John M. SIMMONS, Sr. and John M. Simmons, Jr., Respondents,
v.
CIBA-GEIGY CORPORATION, Appellant.
21886
Supreme Court of South Carolina.
March 21, 1983.*27 James M. Brailsford, III, of Robinson, McFadden, Moore & Pope, Columbia, and Thomas J. Thompson, of Townsend & Thompson, Laurens, for appellant.
J. Michael Turner, of Culbertson, Whitesides & Turner, Laurens, for respondents.
March 21, 1983.
NESS, Justice:
This is an action for breach of express and implied warranties brought by respondents Simmons. Appellant CIBA-GEIGY Corporation asserts the trial court erred in failing to grant its motion for judgment notwithstanding the verdict or for a new trial. We disagree and affirm.
Respondents purchased certain herbicides manufactured by appellant for farm use. They claim the herbicides failed to effectively control crabgrass, causing a poor crop yield. The jury returned a verdict for respondents for $9,500.00.
On motions for judgment notwithstanding the verdict or for a new trial, the Court must view the testimony in the light most favorable to the prevailing party. Allstate Insurance Company v. State Farm Mutual Automobile Insurance Company, et al., 260 S.C. 350, 195 S.E. (2d) 711 (1973); Skipper v. Hartley, et al., 242 S.C. 221, 130 S.E. (2d) 486 (1963).
*28 Appellant first contends respondents failed to prove the existence of or reliance on any warranty. Appellant failed to raise an exception concerning the issue of the existence of the warranties, and has thus waived it. Germain v. Nichol, S.C. 299 S.E. (2d) 335 (1983); Priester, et al. v. Brabham, 230 S.C. 201, 95 S.E. (2d) 167 (1956).
On the reliance issue, respondents testified they relied on information supplied by appellant's agent and on a booklet published by appellant. This testimony was sufficient to create a jury issue, and the trial judge properly denied appellant's motions.
Appellant next argues respondents failed to give notice of breach within a reasonable time as required by S.C. Code Ann. § 36-2-607(3)(a). Whether notice was given within a reasonable time is properly a question for the jury. Draffin v. Chrysler Motors Corporation, 252 S.C. 348, 166 S.E. (2d) 305 (1969).
Next, appellant maintains respondents failed to prove the poor crop yield was caused by a defect in the herbicides.

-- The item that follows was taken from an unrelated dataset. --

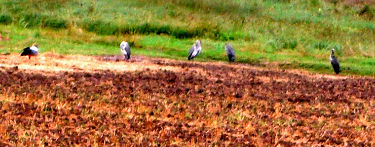 Schlitz. Ein Schnappschuss aus dem fahrenden Untersatz. Dass auch Großvögel ihren Mittagscschlaf brauchen, konnte gestern neben der Fahrbahn von Pfordt in Richtung Fraurombach beobachtet werden. Vor dem Breitenbach standen zwei Weißstörche schlafend auf einer Wiese und dahinter vier Graureiher und eine Halbgans auf einem Stoppelfeld. Die Gans könnte eine aus der Art der Nilgänse sein oder auch ein Paradies-Kasaka, eine Halbgans, die aus Asien stammt. Bei dieser Gans kann man Männchen und Weibchen am Gefieder unterscheiden, was bei anderen Gänsen nicht so leicht ist. Halbgans ist eine Gattung die von den Forschern als halb Gans und halb Ente bezeichnet wird. Bei dem Versuch, näher an die fünf Großvögel zu gelangen, waren die Graureiher schnell davon geflogen, während die "Halbgans" sich nicht stören ließ. Wildgänse mit teilweise weißem Gefieder waren schon geraume Zeit in unseren Tälern anzutreffen. +++ fuldainfo | hans schmidt

Respondents presented evidence there was only twenty percent control of crabgrass where these herbicides were used, while there was adequate control where another herbicide was used. Appellant's agent admitted better results should have been obtained. Respondents further testified they properly cultivated their crop, that the herbicides were properly mixed and applied, and that there was sufficient rainfall to produce a good yield. This evidence would reasonably support an inference that respondent's poor yield was caused by a defect in the herbicides, and thus the judge properly submitted the issue to the jury.
Lastly, appellant contends respondents' damages were speculative and conjectural.
The measure of damages in this type of action is the difference between the value of the probable crop had there been no injury and the value of the actual crop, less expenses of preparing for market the portion of the probable crop prevented from maturing. W.R. Grace & Company v. LaMunion, 245 S.C. 1, 138 S.E. (2d) 337 (1964).
Respondents testified their actual yield averaged six bushels per acre, that the average yield in the area was 28.4 bushels per acre, and that a neighbor's crop grown under similar *29 conditions yielded fifty bushels per acre. Further testimony indicated respondents sold the corn they harvested for $3.00 per bushel, and that a larger crop would not have been more expensive to prepare for market than a smaller crop. This testimony reasonably supports the award of damages, and the issue was properly submitted to the jury.
Affirmed.
LEWIS, C.J., and LITTLEJOHN, GREGORY and HARWELL, JJ., concur.